The US Centers for Disease Control provides a simple web-based, illustrated guide to disease-causing tick removal which offers this sage advice:

If you find a tick attached to your skin, there’s no need to panic. There are several tick removal devices on the market, but a plain set of fine-tipped tweezers will remove a tick quite effectively.

Alykhan Velshi is an Ismaili Muslim, in the noble modernist tradition of A.A. Fyzee, who graduated with a law degree from The London School of Economics. In July, 2005 he wrote these frank words published at NRO:

The war on terror is not simply against terror-sponsoring states, but against the institutions of civil society that give terrorists quiet support, that inflame local Muslim populations, and that prevent the emergence of a moderate, peaceful form of Islam. The war on terror can never be won unless Muslims who have the privilege of living in the West stand up for civilization against the forces of barbarism and nihilism. I wish I could say otherwise, but I won’t be holding my breath.

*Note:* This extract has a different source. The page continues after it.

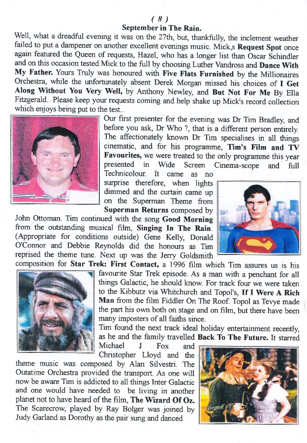 In the last week of September, I did a music presentation at the ‘Newport Nostalgia Music Society’ called ‘Tim’s Film/TV Favourites’. Last week for this month, I had my name and presentation mentioned in the ‘NNMS’ newsletter for October 2017, produced by newsletter editor, Len O’Brian.

The intrepid Velshi is now challenging Saudi Arabia’s oil revenue funded Islamic religious bigotry–with an emphasis on the Kingdom’s particularly oppressive misogyny–via an advertising campaign (and website) promoting the idea’s put forth in Ezra Levant’s 2010 book Ethical Oil: The Case for Canada’s Oil Sands.

Now the incensed Saudi oil ticks are counter-attacking with a legal jihad aimed at quashing this advertising campaign. Velshi, as reported by the Toronto Sun, condemned this legal and ethical challenge by the Saudis and their minions:

We caught this foreign dictatorship trying to undermine freedom of the press here in Canada and trying to export its own contempt for democracy, its own contempt for freedom of the press here in Canada.

Watch the “Ethical Oil” advertisement to which the Saudi oil ticks took such umbrage here.

The advertisement is an invaluable, Western freedom-based tool that must be part of our broader armamentarium–i.e., continued development of Canadian tar sands, and US shale oil and gas–for therapeutic Saudi oil tick removal!